- Born: Detroit, Michigan March 25, 1950 (age 76)
- Occupations: Author; speaker; creative director;
- Known for: Apple advertising and "i" naming strategy; keynote speaker; simplicity advocate
- Website: kensegall.com

= Ken Segall =

American author (born 1950)

Ken Segall is an author and advertising creative director. Specializing in technology marketing, Segall was Steve Jobs' agency creative director for 12 years spanning NeXT and Apple, and also served as worldwide creative director at agencies for Dell, Intel and IBM.

== Early life ==
Kenneth Michael Segall was born in Detroit, Michigan, in 1950, the youngest of three children. His father's position with a retail chain forced the family to move several times before he was 10, taking him to Salina, Kansas, Ashtabula, Ohio, Detroit once again, and finally to Livingston, New Jersey. He graduated from Livingston High School in 1968 and earned a Bachelor of Science degree at Pennsylvania State University in 1972.

== Advertising ==

Segall joined ad agency Chiat/Day Los Angeles in 1979 as a file clerk. A creative career in the industry followed, from a first copywriting job on Smirnoff Vodka to creative director roles on global brands including Apple, IBM, BMW, Intel and Dell.

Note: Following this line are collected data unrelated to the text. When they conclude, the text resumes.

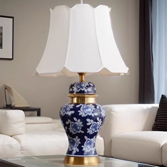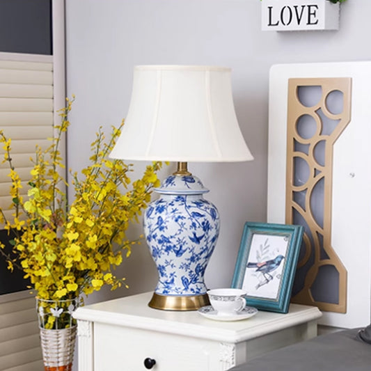 Chinese Blue and White Porcelain Ceramic Bedside Table Lamp White Fabric Shade E27 LED Light Bulb Included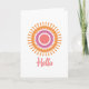 Este design apresenta uma luz colorida Retro Sunburst em laranja e violeta com uma fonte branca correspondente que diz: Olá. Este cartão de nota dobrado é ideal para cumprimentar amigos e familiares ou para enviar uma nota curta para manter contato. Ele está disponível como uma placa padrão de 5 polegadas x 7 polegadas ou em um tamanho menor de 4 polegadas x 5,6 polegadas e pode ser aplicado em orientações horizontais ou verticais. Esse design pode ser dimensionado para menor quantidade para personalização e personalização adicionais. A dentro desta placa é vazio deixada, por isso há muito espaço para escrever uma nota detalhada, ou para personalizá-la ainda mais de acordo com as suas necessidades. As explosões solares são um design icônico que transmite energia positiva e um sentimento de renovação. Este design de explosão solar também está disponível em variações de cores adicionais e produtos adicionais, visite nossa loja para ver detalhes adicionais. Também estão disponíveis envelopes brancos opcionais.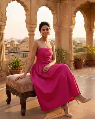 This stunning piece is designed for the woman who loves a classic, feminine silhouette with a modern touch. The dress features a fitted, strapless bandeau bodice adorned with delicate ruching and pleating, creating a beautifully structured look. The cinched waist flows into a voluminous, flared midi skirt that offers graceful movement and a flattering fit for all body types.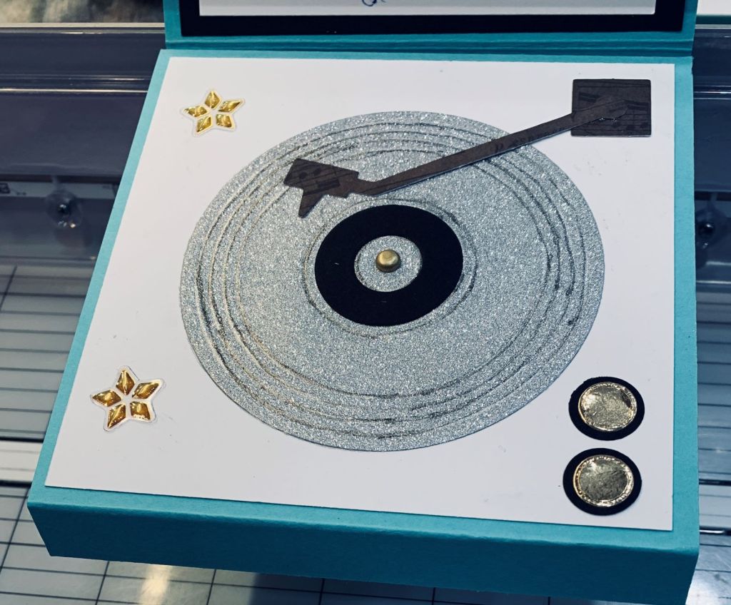 This card has been made for an ex boyfriend, who has remained in my life as a good friend. He is a classical guitarist as well as being a doctor and I thought making a card that looks like a record player decorated with a classical guitar was perfect for his birthday. We go back many years so the nostalgia of a real record player works well for both of us.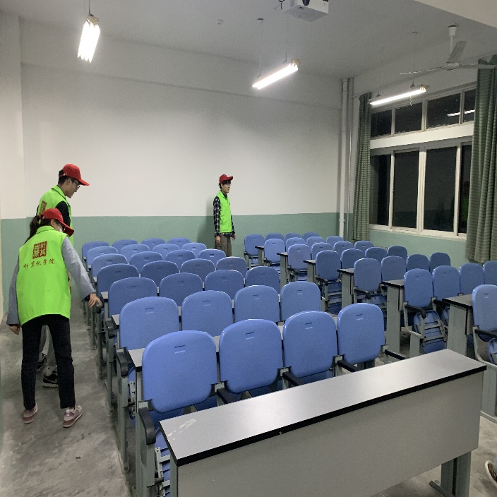 为了能够给师生们提供一个安静的学习和舒适的生活环境,每天晚自习过后,公司组织志愿者中队的同学们会分组检查教室的卫生。在检查的过程中,志愿者认真的检查教室的每一个角落,及时反馈打扫教室班级问题,督促落实教室卫生,以便给大家带来一个更好的学习环境。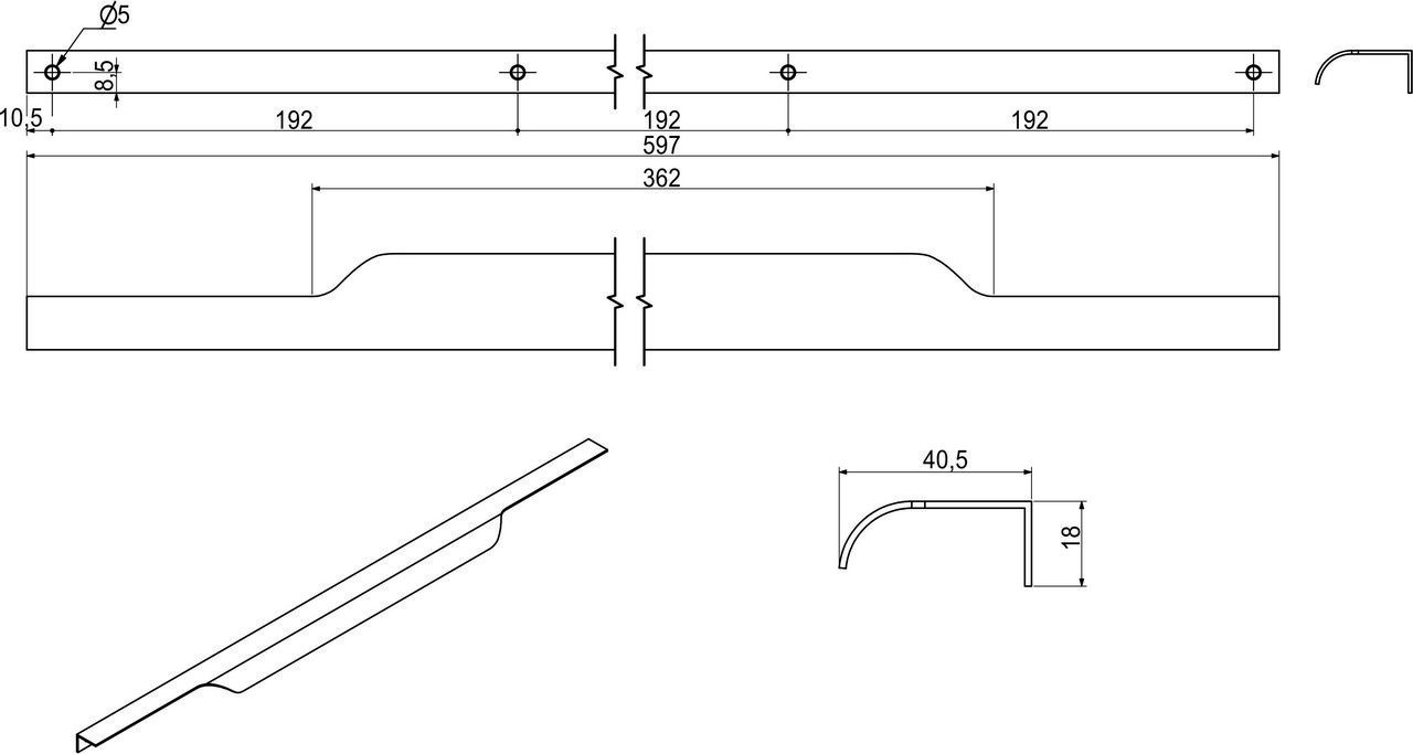 Ручка меб. накладная алюм. LINEA 576/597 алюминий, AKS
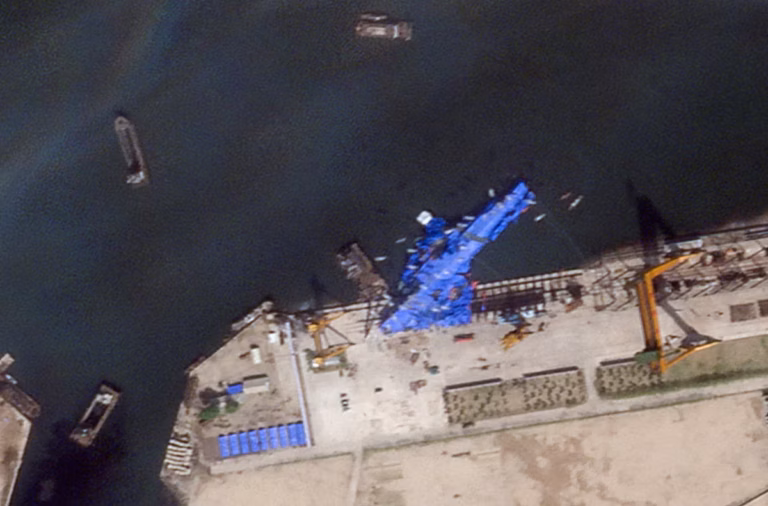 Des images satellites obtenues par le Centre d’études stratégiques et internationales (CSIS), basé à Washington, confirment l’ampleur des dégâts : on y voit le navire couché sur le côté, partiellement échoué, avec sa proue toujours sur la cale et sa poupe tournée vers le port, dissimulée sous des bâches bleues. Ces clichés suggèrent un dysfonctionnement structurel majeur lors de la mise à l’eau.

A 12-year working relationship with Steve Jobs began in 1988 when Segall joined NY agency Ammirati & Puris as creative director for Jobs’ new company, NeXT. When the agency resigned NeXT, Segall left to continue working with Jobs independently. In 1997, Jobs brought Apple back to its original agency (then called TBWA Chiat/Day). There, Segall was global creative director for the "Think different" campaign, co-writer of the "Crazy Ones" launch commercial, and originated the "i" strategy behind the naming of iMac, iPod, iPhone and iPad.

In later years, Segall served as creative director for Intel at agency Euro RSCG, and chief creative officer at Enfatico (previously DaVinci), a worldwide network of 13 offices handling marketing for computer-maker Dell.

== Author and speaker ==
Segall has written two books on the power of simplicity, both published by Penguin—"Insanely Simple: The Obsession That Drives Apple's Success" (2012) and "Think Simple: How Smart Leaders Defeat Complexity" (2016).